Excavating a new garden
If it’s a boiling hot summer then I must be creating something new. This time last year I was in the throes of creating the guesthouse garden. Perched up on a steep slope hacking away at weeds.
This week I am at it again.
A large project I have been meaning to attack for years.
Above the courtyard there is a sloping bank that links the oak bank to the walnut bank 40m of sloping festuca and brambles.
I can strim it into submission. but every year the merrily self seeding festuca glauca creeps further down the slope. A pioneering plant invasion if ever there was one.
If I look back through my years of recorded images it never seem to look any different. Except this year I made the gorgeous oak more of a feature by upskirting the base.
Is that a word? Did I make that up? No, I just checked. Trees can have their lower branches removed to give a more pleasing silhouette.
And also it saves you getting a branch in the eye when you try and strim underneath.
Okay, on we go.
I didn’t start out with the aim of overhauling the entire area. It’s over 100 feet long (90m). No. I was looking for somewhere in the shade where I could play.
And on the far edge of the oak bank lies a huge walnut tree growing out of a granite outcrop.
And on that granite you find a whole forest of festuca and bramble. Out came the trusty forks and I made a start.
Maybe in another life I would be an obsessive picker of fingernail polish. But this is just the best thing. Getting your fork in under a mat of weeds and lifting them off the rock. Deeply, deeply satisfying.
And from there it was just a glance to the left, a hitching of the trousers and two days later I had weeded and excavated the lot.
Luckily I had a talking book to distract me. The crouching perch is hell on the calf muscles.

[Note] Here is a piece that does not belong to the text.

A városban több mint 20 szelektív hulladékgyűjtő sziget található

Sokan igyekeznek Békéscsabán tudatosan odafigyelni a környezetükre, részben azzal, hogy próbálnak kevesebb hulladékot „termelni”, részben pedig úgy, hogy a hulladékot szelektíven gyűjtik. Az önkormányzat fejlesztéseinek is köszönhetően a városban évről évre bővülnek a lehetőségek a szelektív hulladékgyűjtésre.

As is the observation that I seem to have shifted about an acre of soil on this mountaintop using just these two hand tools. Plus a mattock.
How mad is that?
The reward for the digging and digging and digging was a good supply of rich soil to drag to other parts of the garden. Just the other side of the oak bank was the best. Not too far and I needed lots of soil to improve the lurching change in heights of the bank.

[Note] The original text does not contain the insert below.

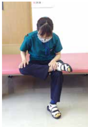
②手を膝と足首に置き、そのまま上体を前に倒していく ・そのまま10秒保つ ・これらを3~5回繰り返す ・足を組み替え、反対のお尻も伸ばしていく ・上体を倒すのが辛い方は、足を組んだままの姿勢を10秒保ってみましょう

You can’t see a thing from that shot. Sorry about that. I built up the edge and then hid it all with the grass mulch. No bare soil for me thank you. I don’t need more festuca seedlings.

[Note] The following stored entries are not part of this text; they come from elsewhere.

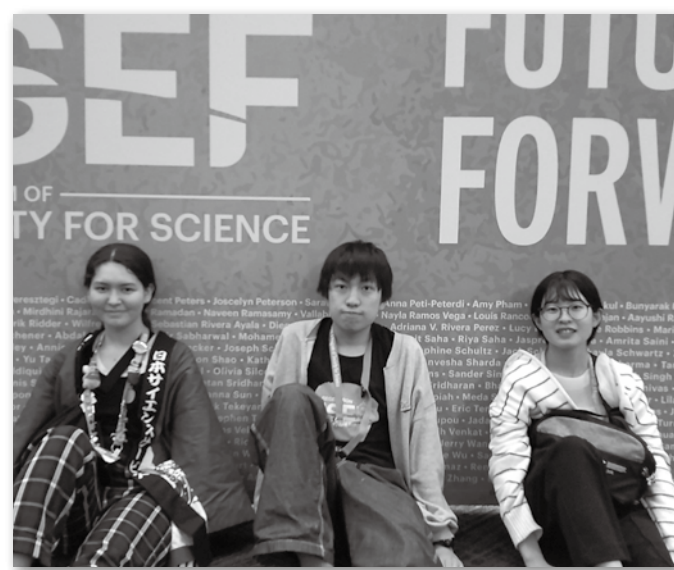
ISEF2023に出場したファイナリストたち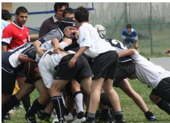
giocatori in azione

La manifestazione si completa con la premiazione delle squadre e la consegna dei trofei e degli attestati di partecipazione tramite i Presidenti delle società SETTIMO RUGBY Junior e VII° RUGBY TORINO, il segretario del Comitato organizzatore che insieme allo Sponsor patrocinante e alle Autorità cittadine consacrano questo torneo all'insegna del rugby e della convivialità.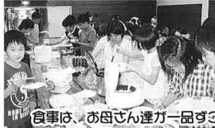
食事は、お母さん達が一品ずつ持ち寄ってくれました～♪

But back to the bank. I needed a wall. I don’t have the rocks / funds / time / skills to extend the lovely low wall that is to the right. So instead I went to the deeper recesses of the forest and hauled out three large chestnut logs.
Goodness they are solid beasts. I had hoped to use the nice light chestnut poles from the pergola. But I’ve already used them up in the potager.
Rats. I almost put my back out getting these ones into place.
But t’was well worth the pain.
Isn’t that the take away message from most hot summer landscaping projects?
I am undecided about the second smaller log in front. I must admit that I just ran out of the will to live when I could see how much more weeding I needed to do on the lower bank.
So I think, for now, I will keep this in place. But when I get a rush of blood and a day to spare I will pull it apart and keep on scraping and pulling the brambles out of the rocks. It’s no fun in the blazing sun.